On February 3, 2012, Helena was formally charged, but not sentenced. Despite having no previous criminal record, the prosecutor deemed Helena a flight risk and placed her in preventive detention in Santa Cruz's Palmasola prison. Helena's public defender appealed the detention order, but it was denied.

Palmasola is infamous for its poor conditions and overcrowding. Recently it has gained attention for incarcerating Jacob Ostreicher, a U.S. citizen accused of drug laundering whose case has been championed by actor Sean Penn. Penn testified last month on behalf of Ostreicher before the House Foreign Affairs' Subcommittee on Africa, Global Health, Global Human Rights and International Organizations. He called Palmasola a "modern day Dante's Inferno" and criticized " the fundamentally corrupt Bolivian Judiciary."

And indeed, Bolivia's judiciary suffers from a lack of transparency. Justice is parsed erratically, in part because of questionable judges. Helena and Ostericher shared the same judge, Wilson Arévalo. In January Arévalo was indicted for dereliction of duty and was implicated as part of a wide extortion ring. Two months after Helena's case was closed, Arévalo was fined and sentenced to house arrest.

After a months long series of baroque events--hearings were scheduled and cancelled; Helena's public defender would neglect to show up or the judge would fail to show--Helena pleaded guilty to the crime of abortion. She was sentenced to two years of prison. Bolivian legislation permits the option to serve a sentence outside of prison if a judicial pardon is requested. Helena requested and was granted the pardon. After eight months, on October 17, following various administrative complications, Helena was freed from Palmasola prison.

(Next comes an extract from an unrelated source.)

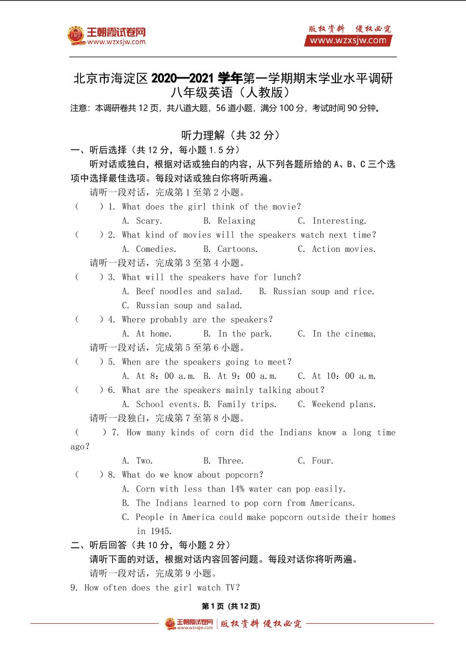 北京市海淀区2020—2021学年第一学期期末学业水平调研八年级英语(人教版)
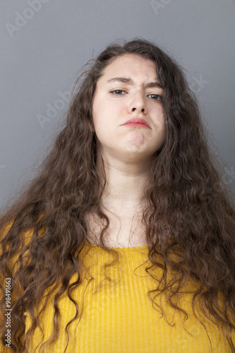 pride and arrogance - offended big young woman with long hair exasperated by critics,grumbling and threatening to express her attitude

According to Bernardo Wayar , ex-president of the Law University, if the court agrees with Deputy Mancilla's claim that twelve articles of the penal codes are unconstitutional, abortion would be decriminalized in Bolivia. This would be a much welcome decision not just in Bolivia, but the region as a whole. Where abortion is criminalized, women are forced to seek out unsafe services to end an unwanted pregnancy. In places like El Salvador, where abortion is outlawed completely, this has significant health and penal consequences. Two weeks ago in El Salvador, after almost three months of waiting, a woman pregnant with a non-viable fetus and suffering from a life-threatening disease was denied a therapeutic abortion by the country's top court. The Bolivian Constitutional Court's decision could strengthen the legal debate in favor of abortion reform in El Salvador and other countries in Latin America with extreme restrictions on abortion.